8 157 989 228 746 813 600(10) = 111 0001 0011 0110 1111 1111 1111 1011 0000 1100 1110 1010 1011 0000 1010 0000(2)
4. Determine the signed binary number bit length:
The base 2 number's actual length, in bits: 63.
A signed binary's bit length must be equal to a power of 2, as of:
21 = 2; 22 = 4; 23 = 8; 24 = 16; 25 = 32; 26 = 64; ...

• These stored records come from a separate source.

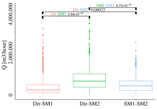 Figure 4 shows the calculated pairwise differences of measured volume flow values with the three methods as boxplots. Comparison obtained for the pairs Direct-SM1, Direct-SM2, and SM1-SM2 is displayed. It is seen that boxplots are overlapping, That is why a Bonferroni t-test was carried out in order to identify the existence of significant differences between the mean values in the groups (Direct and SM1; Direct and SM2; SM1 and SM2). The p-values obtained using the Bonferroni t-test showed significance with the confidence interval of 95%, presented on top of the figure. Looking more specifically on each part, we can conclude that the pair “Dir-SM1” shows the lowest differences and again, Q values obtained via SM1 corresponds better with the direct method. The pair “Dir-SM2” shows higher differences and less correspondence with the direct method. The pair “SM1-SM2” shows that even between the indirect methods, the Q values are highly different.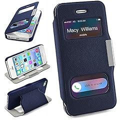 MoEx Apple iPhone 5S | Hülle Dunkel-Blau mit Sicht-Fenster Window Cover Schutzhülle Ultra-Slim Handyhülle für iPhone 5/5S/SE Case Flip Handy-Tasche Stand-Funktion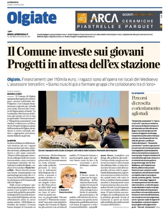 #DINAMICHE CONNESSIONI è nato per accompagnare i comuni dell’Olgiatese verso una gestione consapevole e sinergica delle politiche giovanili, trasformandole in una priorità per le amministrazioni locali. Il progetto aveva l’obiettivo di coinvolgere un numero sempre maggiore di giovani, guidandoli in percorsi di crescita personale e promuovendo il protagonismo attivo all’interno delle comunità.
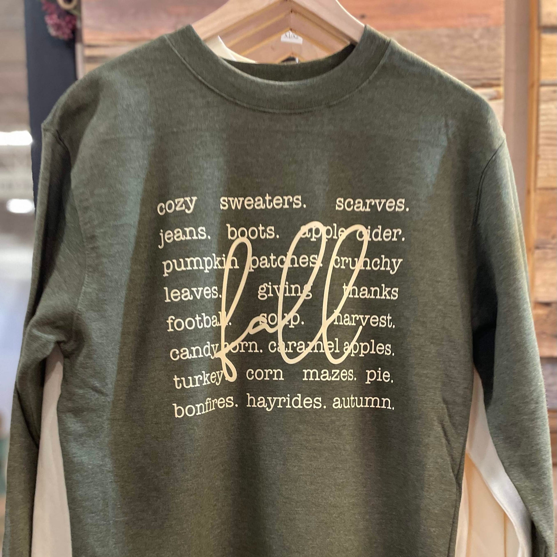 Elevate your fall wardrobe with our cozy and stylish Green "Fall" Sweatshirt! Featuring a unique fall graphic that's super soft too! This sweatshirt will keep you warm and on-trend all season long. Upgrade your comfort and style game with this must-have piece!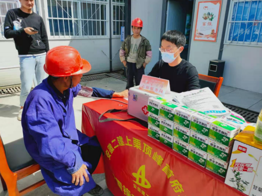 本次活動以“文明新風(fēng)人人創(chuàng),雷鋒精神代代傳”為主題,主要通過設(shè)置學(xué)雷鋒志愿服務(wù)崗,為項目農(nóng)民工測量血壓,免費發(fā)放預(yù)防感冒藥品以及清熱下火飲品等,保障一線民工的身體健康?!耙痪€民工不僅辛苦,面臨的風(fēng)險也大,我們能做的就是為他們的健康保駕護(hù)航。”上栗項目黨支部書記劉振華這樣說。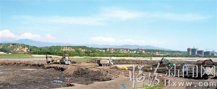 在三官峪涧河襄汾县城区段的清淤现场,几台大型挖掘机正在开挖填埋的淤泥,紧跟其后的大型洒水车不断喷淋降尘……这是三官峪防洪能力提升工程的其中一个项目,于6月17日正式开工建设,建设内容包括河道清淤疏浚、堤防及堤顶道路工程、桥梁工程、绿化工程等。

The first bit (the leftmost) is reserved for the sign:
0 = positive integer number, 1 = negative integer number
The least number that is:
1) a power of 2
2) and is larger than the actual length, 63,
3) so that the first bit (leftmost) could be zero
(we deal with a positive number at this moment)
=== is: 64.
5. Get the positive binary computer representation on 64 bits (8 Bytes):
If needed, add extra 0s in front (to the left) of the base 2 number, up to the required length, 64:
8 157 989 228 746 813 600(10) = 0111 0001 0011 0110 1111 1111 1111 1011 0000 1100 1110 1010 1011 0000 1010 0000
6. Get the negative integer number representation:
To get the negative integer number representation on 64 bits (8 Bytes),
... change the first bit (the leftmost), from 0 to 1...

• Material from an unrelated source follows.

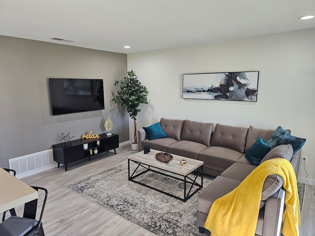 Welcome to our home, Enjoy: - 75" 4K Roku TV with Netflix, Prime, Hulu, Disney+ - 1 queen bed and 1 sleeper sofa (queen size) - Luxurious rainfall shower and modern bathroom - Fully equipped, stocked and clean Kitchen - Washer Dryer - Dedicated, Fast and secure WiFi (300 Mbps) - Dedicated Workspace with dual monitor. - Self-check-in - Spacious closets - Steamer, Hairdryer, sanitizers - Dimmable warm lights for ambiance - Level 2 EV charger. - Convenient location near ECRMC, and shopping stores.
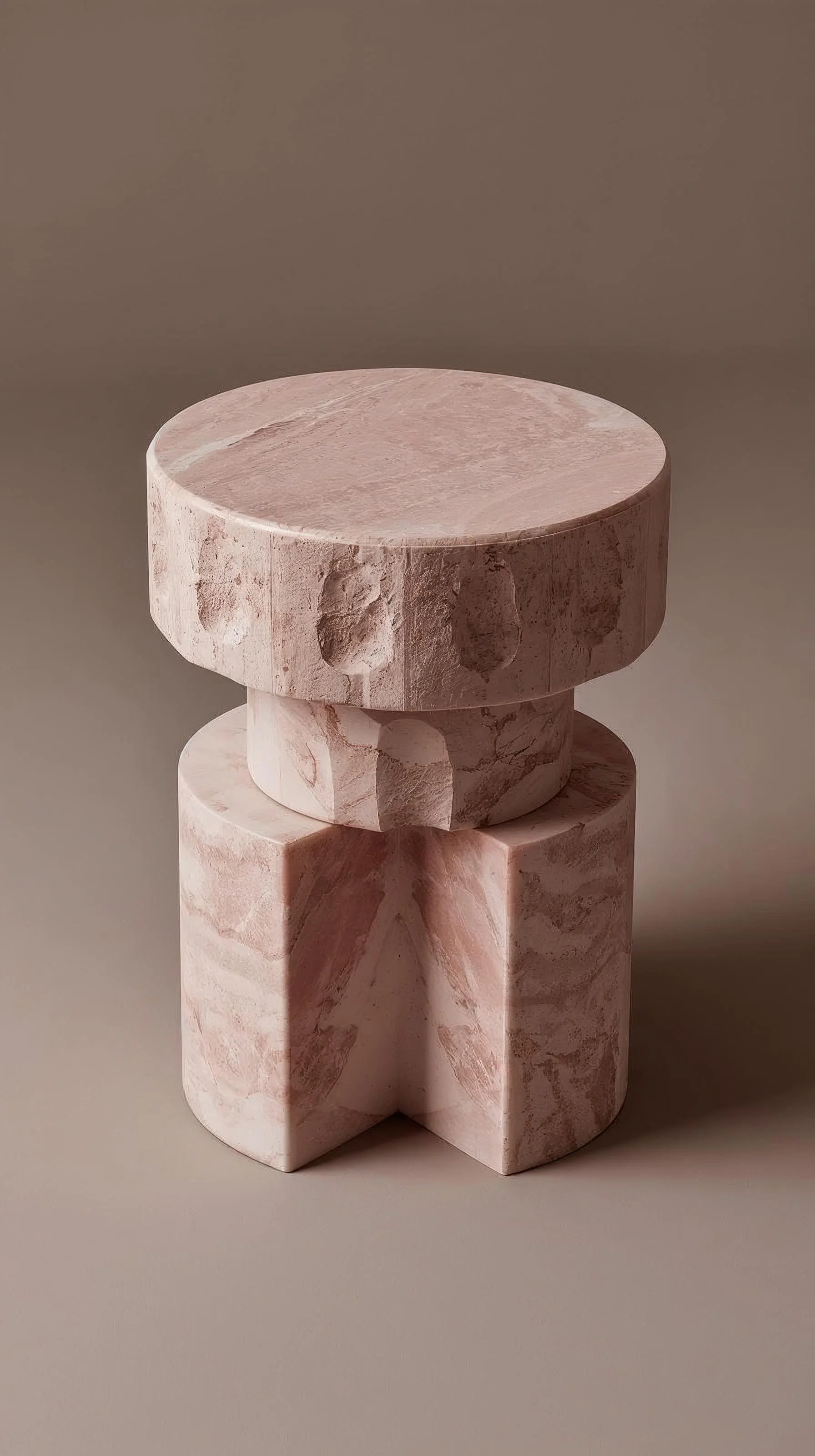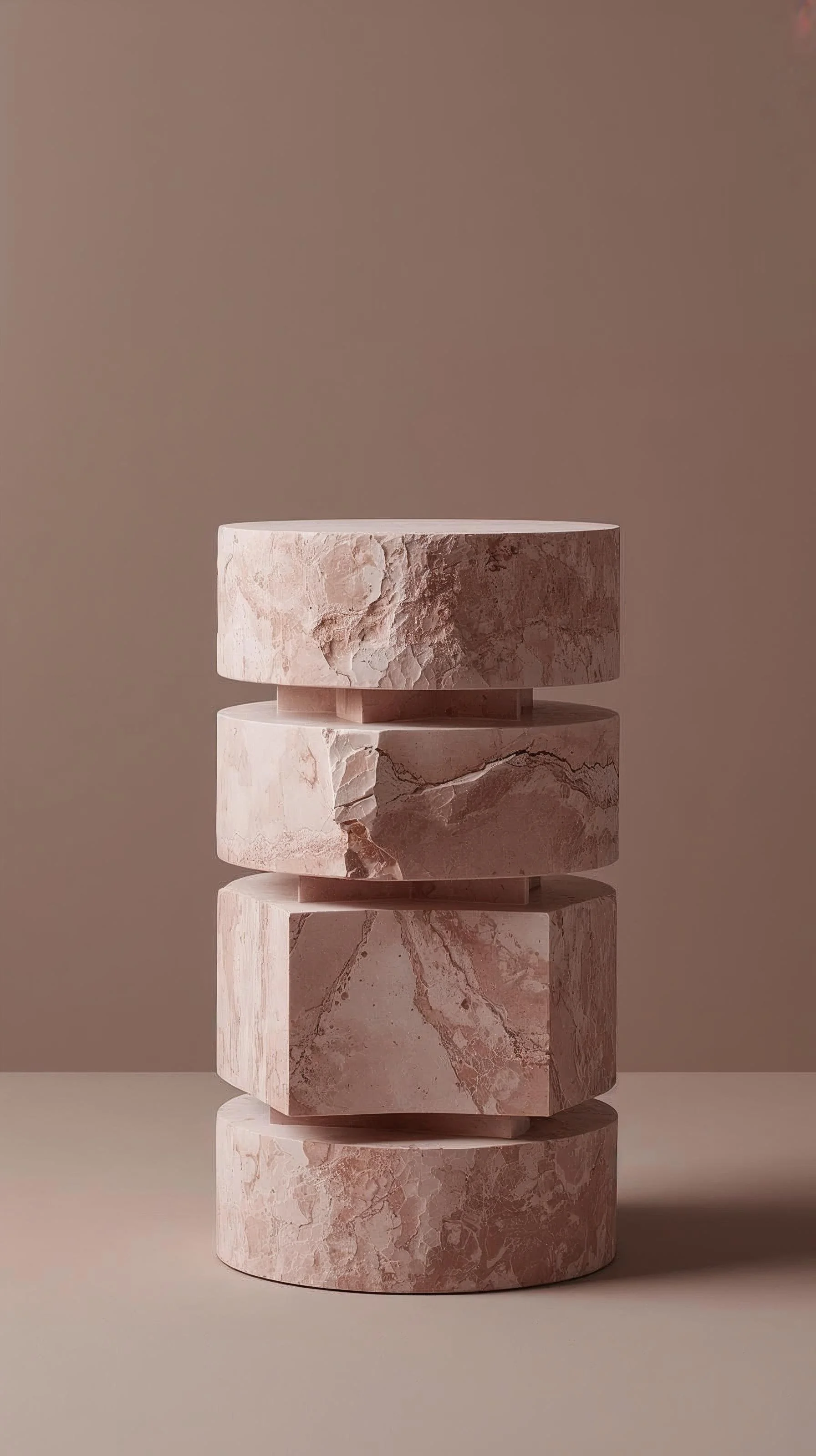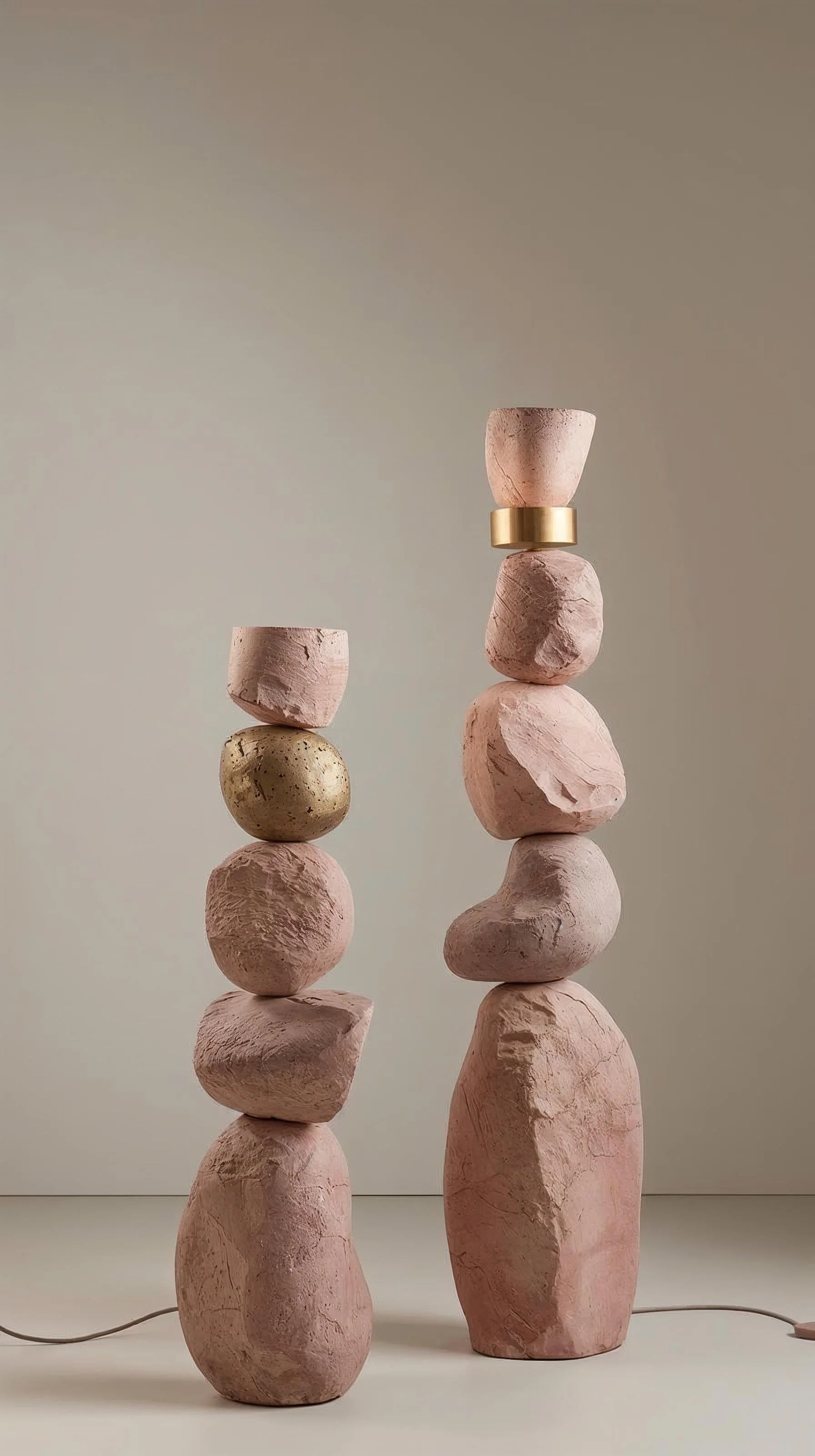 Transformative pigmented stone and marble floor lamp and table sculptures

Number -8 157 989 228 746 813 600(10), a signed integer number (with sign),
converted from decimal system (from base 10)
and written as a signed binary (in base 2):
-8 157 989 228 746 813 600(10) = 1111 0001 0011 0110 1111 1111 1111 1011 0000 1100 1110 1010 1011 0000 1010 0000
Spaces were used to group digits: for binary, by 4, for decimal, by 3.